Полураздетые обитатели монастыря повыскакивали на мороз, и, не медля, приступили к излюбленному занятию: рождению паники.

— Наши наступают, прятаться надо!

— Куда прятаться!? Под печь!?

— Если наши наступают, то чего прятаться? Радоваться надо!

Через какое-то время кто-то высказал мысль: "весь этот красивый шум немцы устроили по случаю прихода Рождества!"

— Какого Рождества!? Рождество седьмого января, до Рождества язык высунешь и ноги протянешь!

— Это ты язык высунешь, а немцы Рождество перед Новым годом справляют! — вот оно, начало падения: какие-то месяцы прошли с начала оккупации, а оккупированные уже знают, когда враги празднуют основные праздники христиан!

Потом стали выяснять, "кто поднял панику о важных переменах на фронте, но такового не нашли. В тот раз плохо искали, холодно было…

Сколько процентов из числа переполошенных граждан монастыря тогда поверило в советское наступление — мне неизвестно.

Зима тянулась медленно, и казалось, что она никогда не кончится. Да и вообще все "ледниковые периоды" на Земле для "голи перекатной" были "затяжными", а потому и ненавистными. Особенно для меня: практически я был голым. Не полностью голым, что-то на мне всё же было, но это "что-то" никак не могло защитить от "космического холода", что царил за стенами старой кельи.

Перечень моего гардероба "военного времени": штаны из военного брезента до колен и с одной лямкой через плечо. Тонкого брезента защитного цвета. С пуговицей. Какой из воюющих сторон принадлежал брезент на моих тощих ягодицах — "следствием не установлено". Штаны из тонкого, но военного брезента были изготовлены руками записной мастерицы "военного времени": матерью. Всё она и всегда!

Штаны носились на голом теле, и при всей тонкости военного брезента, ухитрялись швами натирать "причинные" места" обладателя. Их никогда не забуду. Карманов в штанах не предусмотрели, и это было вторым, но не меньшим огорчением, чем натирание "причинных" мест грубыми швами. Брезент — он и есть брезент.

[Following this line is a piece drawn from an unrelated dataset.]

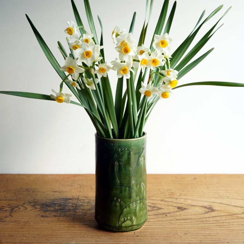 春の訪れを知らせる清楚な水仙とシンプルな織部唐草の花生。織部の花生は、口の大きさを変えられるので、一輪挿しから、ダイナミックに広く生けたり、同じ花や植物でも印象を変えてくれます。かわいらしい印象ですが、寒さに負けず花を咲かせることができる強さを持つ水仙。自分を大切にという意味合いをもつ水仙は、丁寧に自分と向き合いたい方に、ぜひそばにおいてほしい花です。
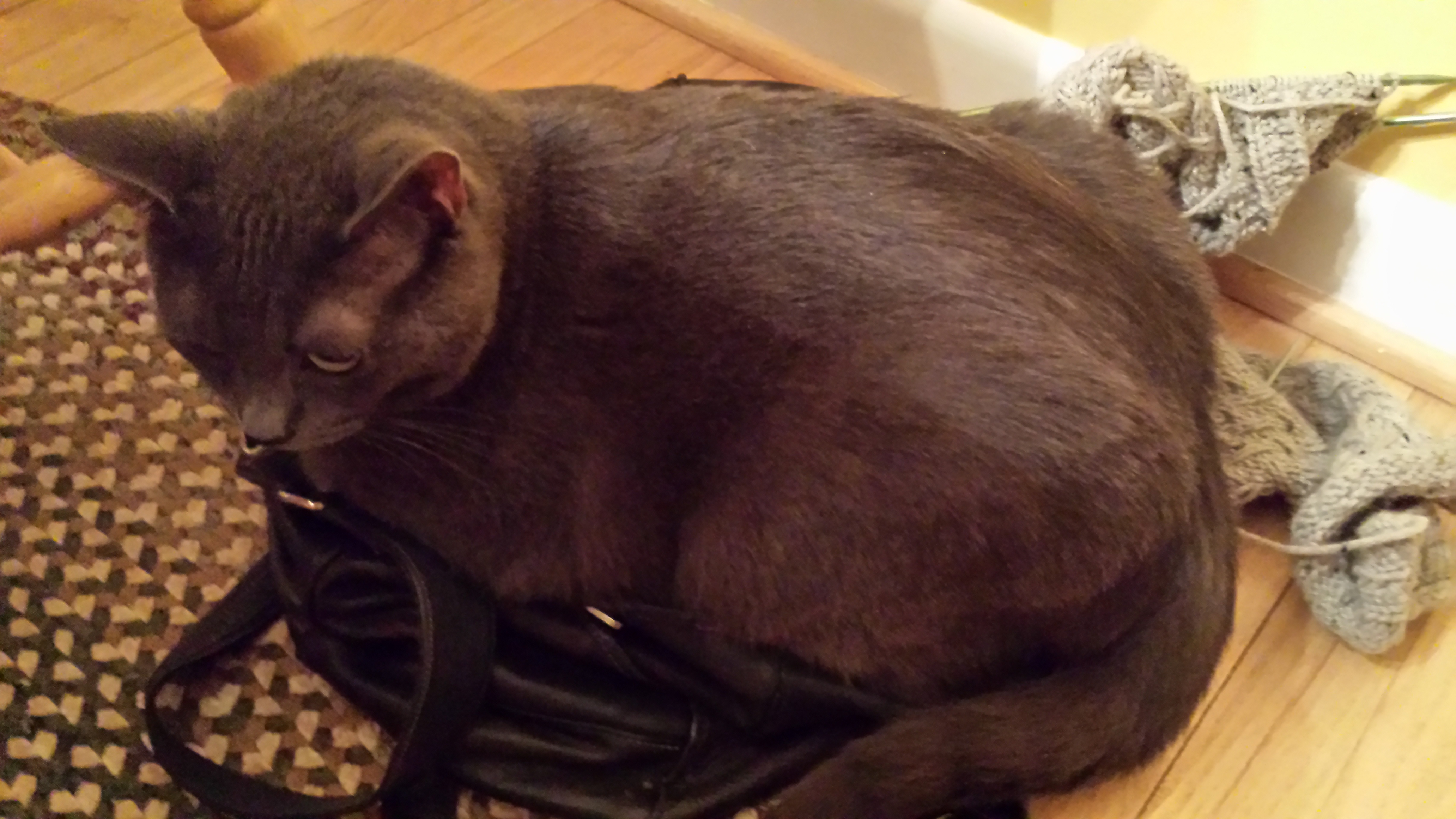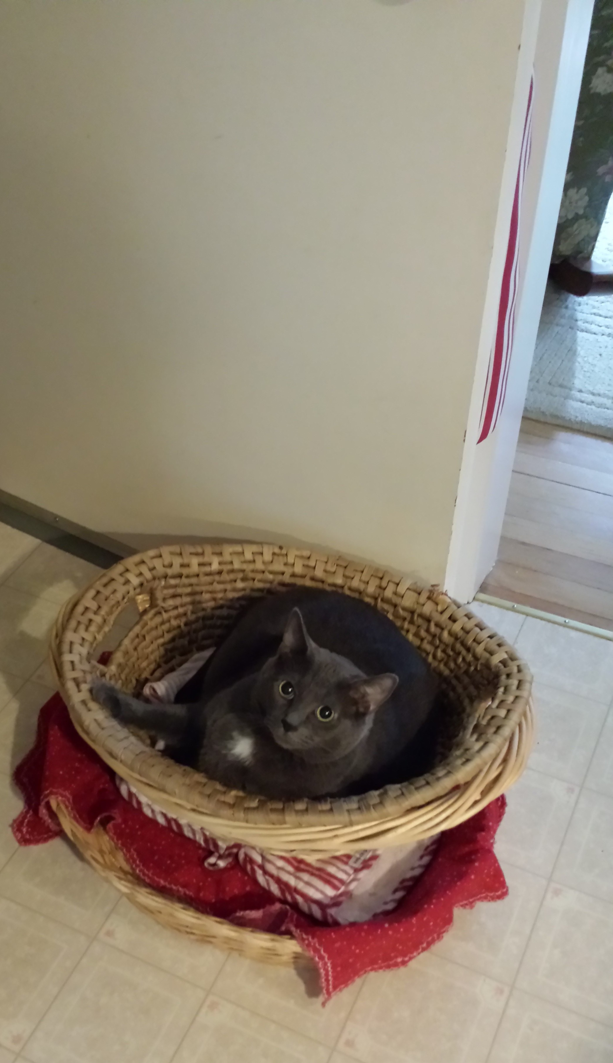 What is WITH this cat? Remember when I told you about Moose, and his fetish with Grandma Jane’s black leather satchel? Well yesterday I found him in a basket I’d put by the basement stairs, and

Рубашка "свободного покроя", как сказали бы о ней сегодня. С длинным рукавом и без деталей. Чулки на завязках. Резинок не было. Точно будет, если сказать так: "резинки, исчерпав себя как резинки, продолжали служить моему телу верёвочками" Подтяжек, кои в старые времена держали детские чулки на нужном уровне, я не имел. Не было и зимнего пальто, а то, что было, мать называла словом, полученным в детском доме: "харпаль". В слове слышен "кусок" верхней одежды "паль" — этого и достаточно.

Выросшие, вроде меня в "тряпочной" нищете люди до конца дней своих остаются безразличными к одежде:

— Тело закрыто от "внешнего влияния"? Закрыто! Большие желания — блажь!

Зимнего пальто, а равно и осеннего, у меня не имелось.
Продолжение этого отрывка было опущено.